Part one of this article is here.
Emma Slade: We looked at having an international star (for the role of Laura) but there’s only a handful. They’re booked years in advance and top agents actually said, ‘Do you want to look at attracting them or try and discover someone?’
Fortunately, Stu and Miranda had their eyes on Erana for a long time. She’s beautiful and did a great job with the tone reel but in the year and a half since we shot that down here she’s taken it to a whole new level. And for someone at this stage to be holding her own against Melanie Lynskey and Timothy Spall… she’s coped remarkably well and her performances have been outstanding.
Miranda Harcourt: We have an actor from the UK, Nicholas Galitzine. He’s very sexy but also a deep thinker. The relationship between him and Erana is really fantastic and they’ve answered it beyond our wildest dreams – what they bring to it is really magical and I feel confident that the romance element of the film is really well explored.
We’re really lucky to have Timothy Spall because he appeals to audiences both old and young – like Maggie Smith because of their Harry Potter association. Kids know him as Wormtail but adults know him for Secrets and Lies and Mr Turner and art house films so he spans different demographics.
Emma: I’m a huge fan of Timothy Spall and his acting. Having him here in NZ working with this team and an up-and-coming actress is just elevating, such a huge buzz.

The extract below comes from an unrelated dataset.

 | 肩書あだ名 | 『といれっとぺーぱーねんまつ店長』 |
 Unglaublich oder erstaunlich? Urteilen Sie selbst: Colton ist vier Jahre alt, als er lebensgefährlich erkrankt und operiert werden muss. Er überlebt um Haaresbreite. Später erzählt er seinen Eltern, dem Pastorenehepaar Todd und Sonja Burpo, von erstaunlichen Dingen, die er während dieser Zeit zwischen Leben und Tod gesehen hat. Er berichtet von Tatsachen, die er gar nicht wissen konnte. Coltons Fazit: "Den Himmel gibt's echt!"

Miranda and Stu already had a relationship with Melanie. Miranda had been part of the process of finding Melanie for Heavenly Creatures and Melanie was keen to work with Miranda in some capacity. Plus, they’re friends with Lucy Lawless so they had connections there. With Miranda’s work as an acting coach lots of pieces fell into place.

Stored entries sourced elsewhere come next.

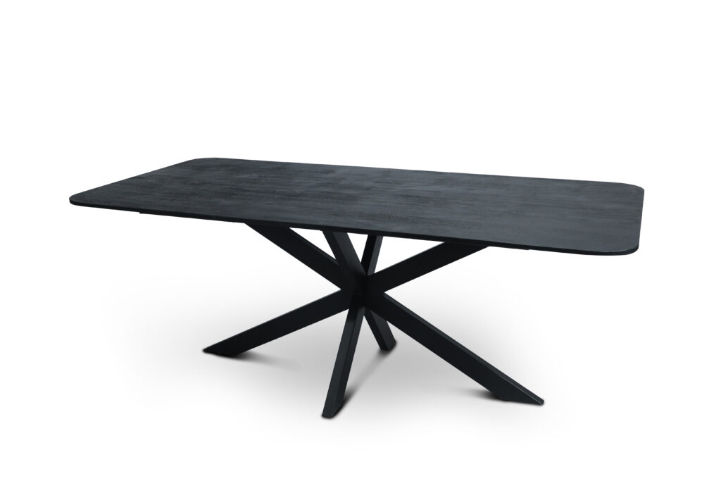 Geef jouw eetkamer een stijlvolle en warme uitstraling met de Eettafel Firenze Zwart met afgeronde rechthoekige vorm. Deze eettafel combineert het natuurlijke karakter van massief mangohout met een stoere zwarte spinpoot van staal. De afgeronde hoeken zorgen voor een zachtere, elegante look en maken de tafel extra vriendelijk en praktisch in gebruik. Perfect passend binnen zowel moderne, industriële als eigentijdse interieurs.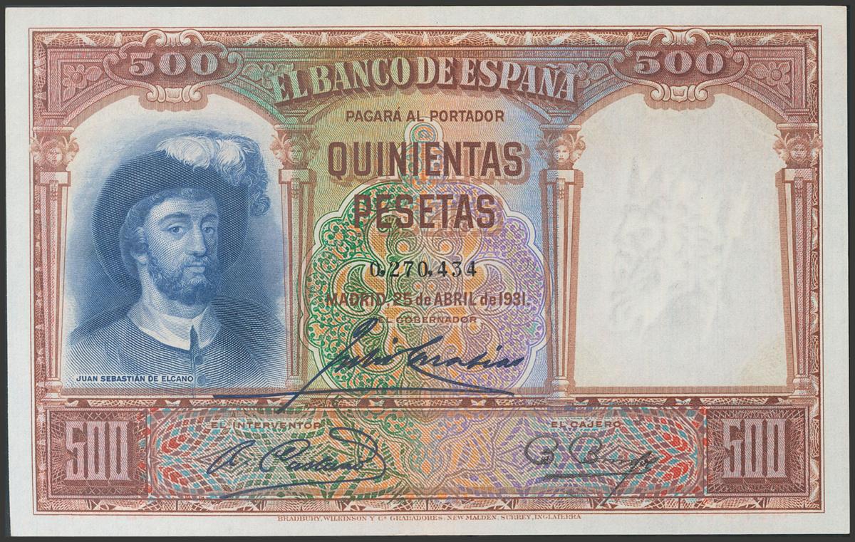 500 Pesetas. 25 de Abril de 1931. Sin serie. (Edifil 2017: 361). Conserva gran parte de su apresto original. EBC+.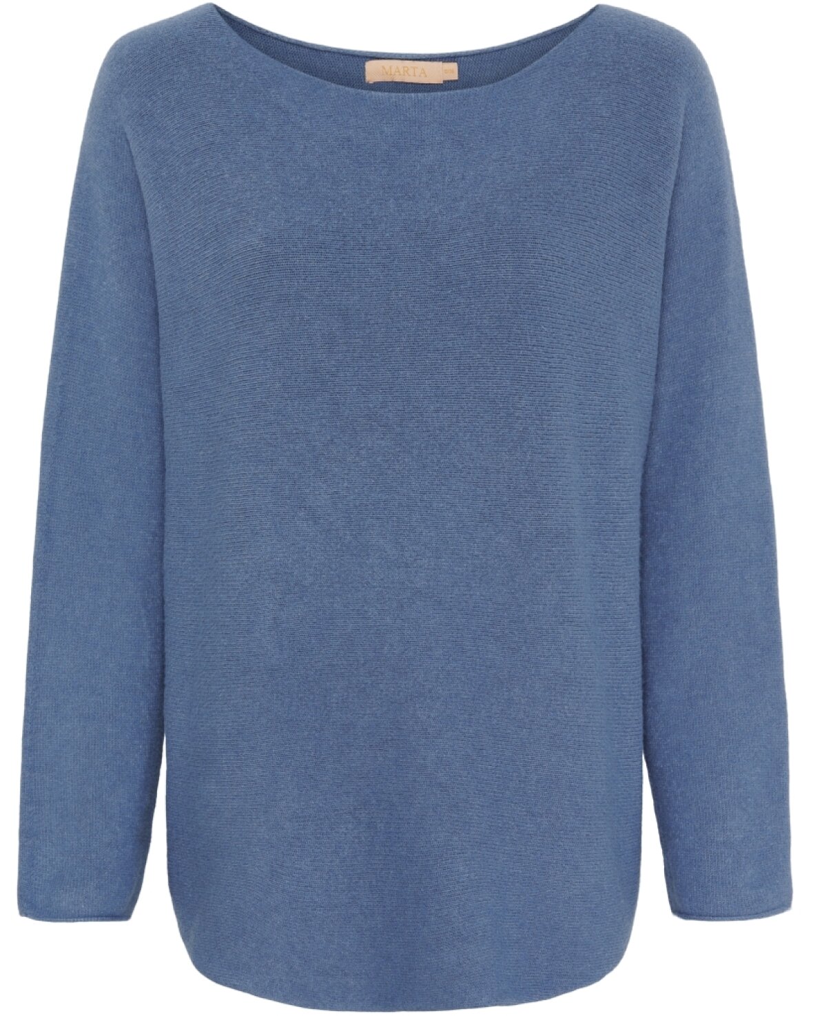 Strik 5001 fra Marta Du Chateau i jeans blå. Lækker blød strik med rund hals, lange ærmer og fin længde på kroppen. Strikken runder let forneden.
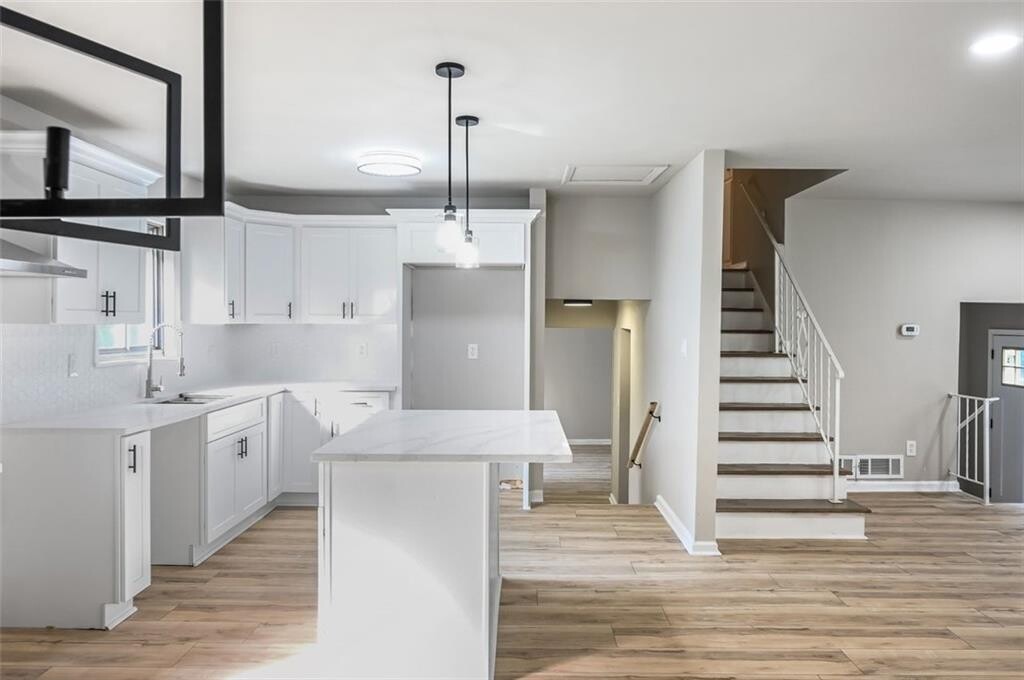 Welcome Home to this wonderful,two-story,split-level modern house! This property has been completely renovated and you’ll be delighted by the ample living space,modern fixtures,and detailed amenities. The street level features the entry foyer,an expansive living room,and a cozy half bathroom. The upper,split-level has enough space to comfortably accommodate a secondary living room along with a dining area and modern kitchen with decorative stone counters,an island and the most convenient in updated appliances. The basement level of this property features even more space that can be used as a rec room,office,or whatever your heart desires! There’s a basement level laundry room and access to the backyard. The upper level is for rest and relaxation,featuring the primary bedroom,which has its own bathroom and two secondary bedrooms with access to a separate,full bathroom. The only thing you need to do is to bring your furniture!!

What have been the pros and cons of shooting it all on location?
Miranda: It’s been a very organic shoot because the actors and crew can respond completely to real environments. Our perspective all along has been that it should be a very naturalistic film.

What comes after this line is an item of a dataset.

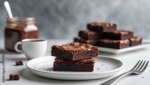 Cut brownies on a white plate set against a background. Served alongside fudge in a jar. A cherished dessert for chocolate lovers. Cocoa flavor that is sweet and moist.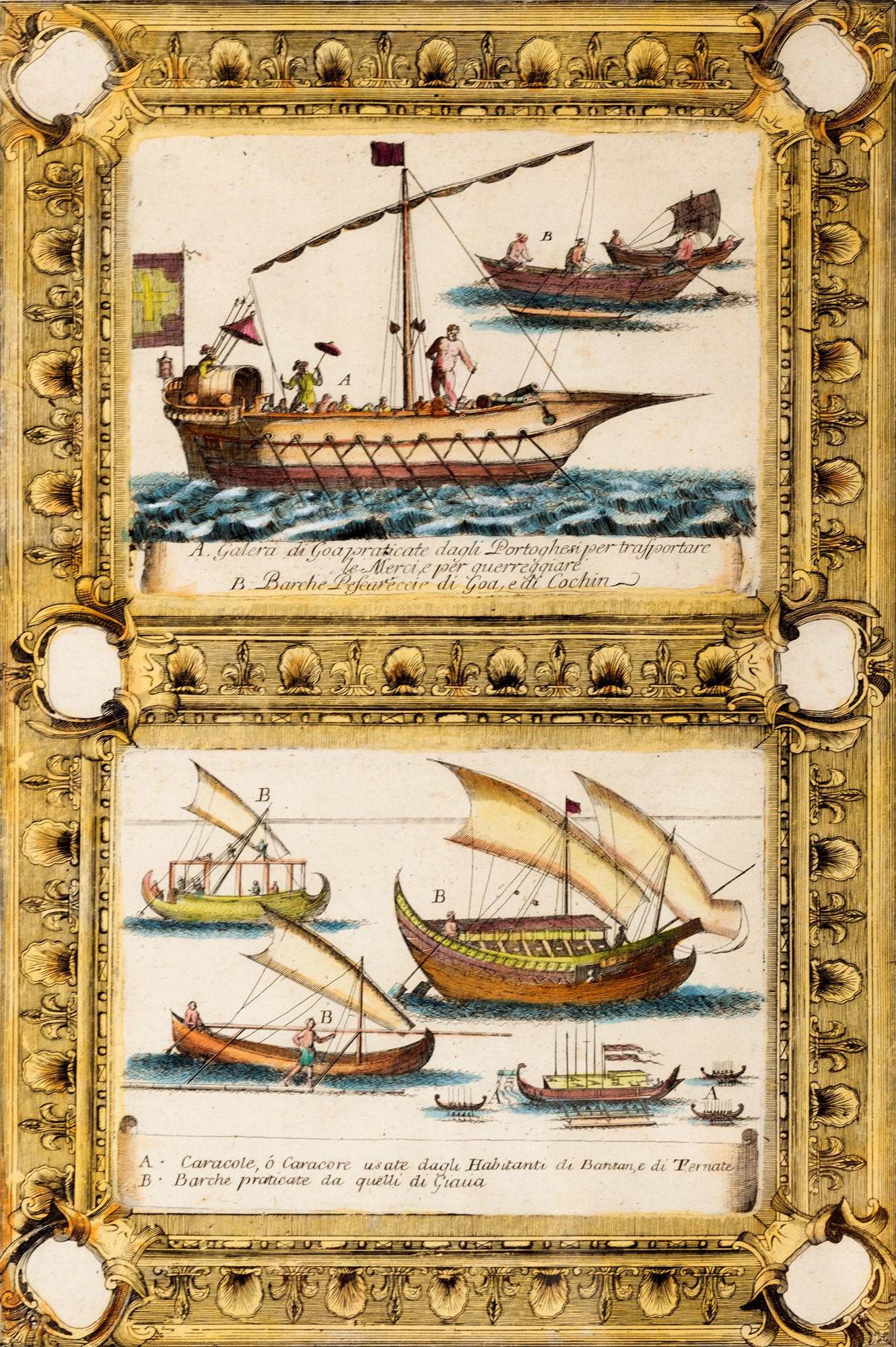 Il foglio è tratto dall'opera l'Atlante Veneto, nel quale si contiene la descrittione […] dell’ universo, stampato a Venezia nel 1690. Entro una ricca cornice decorativa sono illustrate le navi utilizzate in Portogallo, Goa, Cochin, Bantan, Ternate, Giava.

Axel Paton is our 1st AD. He’s very experienced, kept it on schedule and all in a very good-humoured way. The way Axel and Emma have pulled together the crew has been really great. Lots of newer crew and assistants who have been lead by the experienced HODs who really know their shit. They’ve all been on sets a lot.
Everyone knows that we’re lucky because everyone’s been on sets where it hasn’t been so pleasant, working relationships have not been so easy so I think people have really valued it and gone ‘Wow, this is a really lovely shoot’ with a product that I think everyone believes in.
Creating the look of the film while shooting on location hasn’t been too challenging?
Miranda: Production Designer Iain Aitkin has been a godsend from heaven – he’s so experienced and has amazing taste but he also knows how to get difficult things done in a very short period of time. He is one example of how lucky we’ve been with getting very experienced crew to come do this and answer the challenges. Every day we watch the rushes and say, ‘Wow, awesome.’ We feel like we’re really achieving what we set out to do.
Quite a lot of the effects we’ve been able to do in-camera which is quite nice for this style of film and our cinematographer Andrew Stroud is amazing. We’ve been in love with him for a very long time, probably five years since he made a beautiful short film called Ellen Is Leaving. We’re very lucky to have him on board – it’s his first feature, he comes from the world of commercials, but he has a wonderful aesthetic.
Emma: Cinematographer Andrew Stroud is a genius, and in years to come is going to be recognised as a huge talent. We’re very lucky to have him at this stage. We’ve been very lucky all round, really.
It’s been a fun shoot to work on. We’ve been able to get great people in the key roles and lots of newer people getting experience coming through the system working for them. We’ve got people who have come off huge films; Ghost in the Shell and The Hobbit and the like but they also love the small jobs, they have lots of soul.